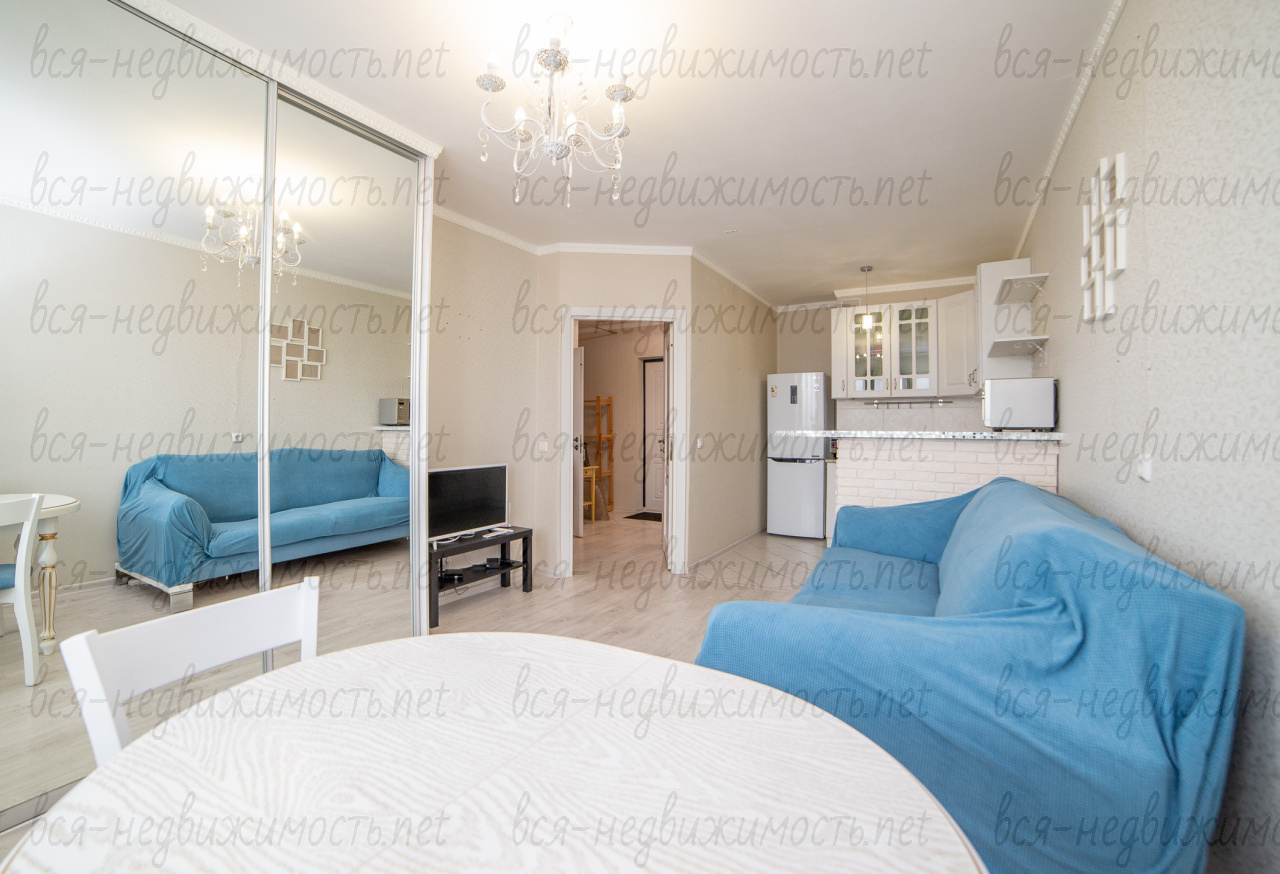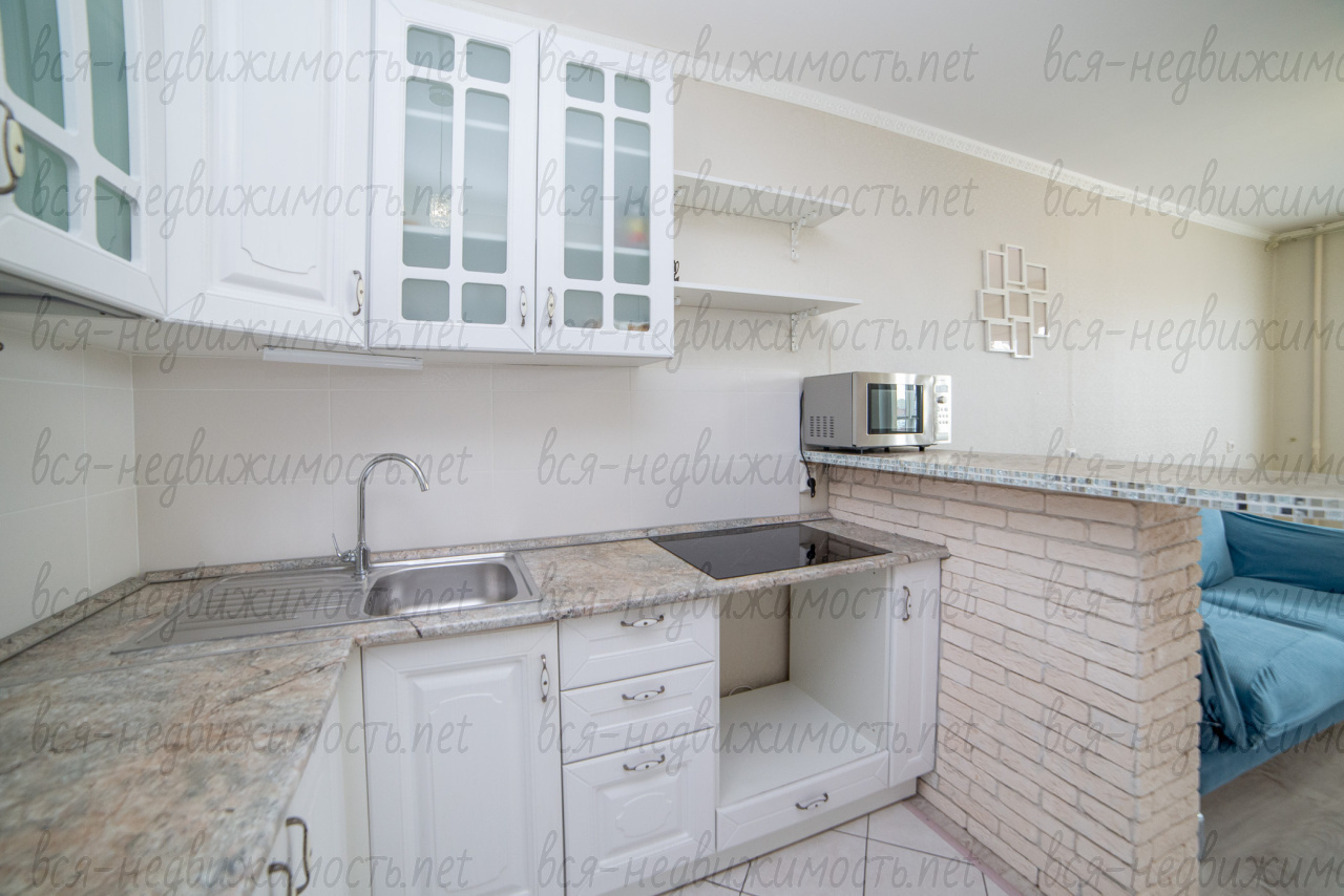 При продаже в квартире остается мебель и техника: кровать двухспальная, комод, стир.машина LG, два шкафа-купе с зеркалами, кухонный гарнитур, холодильник LG, варочная поверхность, стол, диван.
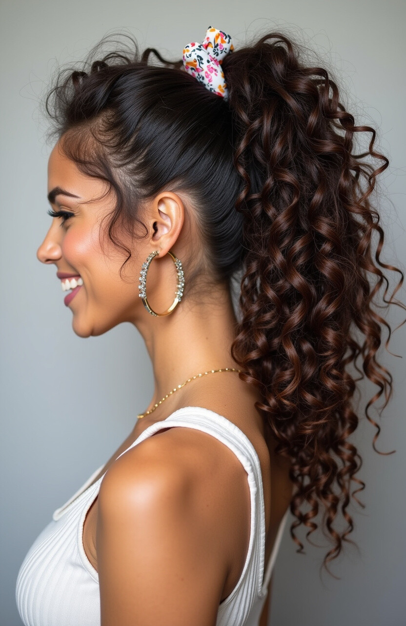 Gather your curls into a ponytail, allowing them to spring freely. It’s a style that celebrates natural texture and personality.
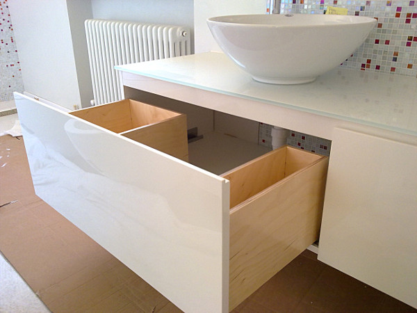 Bagno in multistrato fenolico e ante laccate bianco lucido.
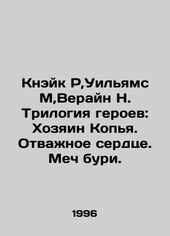 Snake R, Williams M, Verain N. Trilogy of Heroes: Master of the Spear. Brave Heart. Sword of the Storm. In Russian /Kneyk R,Uilyams M,Verayn N. Trilogiya geroev: Khozyain Kopya. Otvazhnoe serdtse. Mech buri. The Spear saga St. Petersburg Terra, ABC, 1996. 496 and 480 and 480 pages. We have thousands of titles and often several copies of each title may be available. Please feel free to contact us for a detailed description of the copies available. SKUalbc9bd80eb0cf26e2f.

——

▸ **Exercise prompt**
Reproduce the full listing above verbatim, with no pictures included.

▸ **Result of this exercise**
 При продаже в квартире остается мебель и техника: кровать двухспальная, комод, стир.машина LG, два шкафа-купе с зеркалами, кухонный гарнитур, холодильник LG, варочная поверхность, стол, диван.
 Gather your curls into a ponytail, allowing them to spring freely. It’s a style that celebrates natural texture and personality.
 Bagno in multistrato fenolico e ante laccate bianco lucido.
 Snake R, Williams M, Verain N. Trilogy of Heroes: Master of the Spear. Brave Heart. Sword of the Storm. In Russian /Kneyk R,Uilyams M,Verayn N. Trilogiya geroev: Khozyain Kopya. Otvazhnoe serdtse. Mech buri. The Spear saga St. Petersburg Terra, ABC, 1996. 496 and 480 and 480 pages. We have thousands of titles and often several copies of each title may be available. Please feel free to contact us for a detailed description of the copies available. SKUalbc9bd80eb0cf26e2f.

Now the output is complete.